Ariosoma meeki
- Conservation status: Least Concern (IUCN 3.1)

Scientific classification
- Kingdom: Animalia
- Phylum: Chordata
- Class: Actinopterygii
- Order: Anguilliformes
- Family: Congridae
- Genus: Ariosoma
- Species: A. meeki
- Binomial name: Ariosoma meeki (Jordan & Snyder, 1900)
- Synonyms: Congrellus meeki Jordan & Snyder, 1900; Ariosome meeki (Jordan & Snyder, 1900) (misspelling);

= Ariosoma meeki =

- Authority: (Jordan & Snyder, 1900)
- Conservation status: LC
- Synonyms: Congrellus meeki Jordan & Snyder, 1900, Ariosome meeki (Jordan & Snyder, 1900) (misspelling)

Species of fish

Ariosoma meeki is an eel in the family Congridae (conger/garden eels).

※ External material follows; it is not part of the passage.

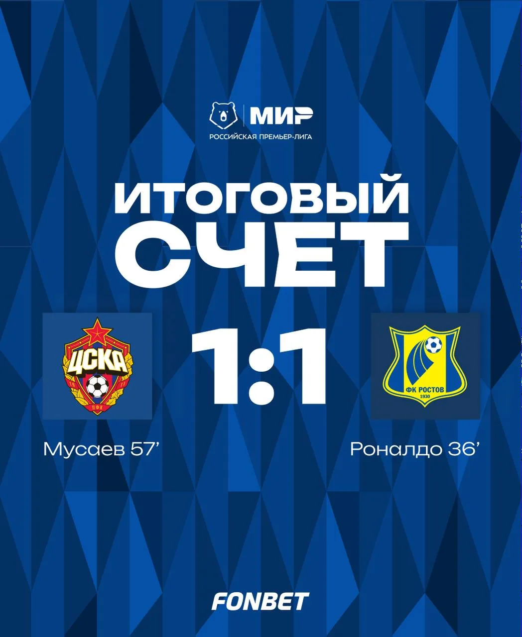 ФК «Ростов» сыграл с московским ЦСКА в 26-м туре Российской премьерлиги на «ВЭБ Арене». Игра завершилась ничьей — 1:1.

It was described by David Starr Jordan and John Otterbein Snyder in 1900, originally under the genus Congrellus. It is a subtropical, marine eel which is known from Japan and the Peng-hu Islands, in the northwestern Pacific Ocean. Males are known to reach a maximum total length of 53 centimetres.

Named in honor of ichthyologist Seth Eugene Meek (1859-1914), who first recognized the distinctiveness of this species.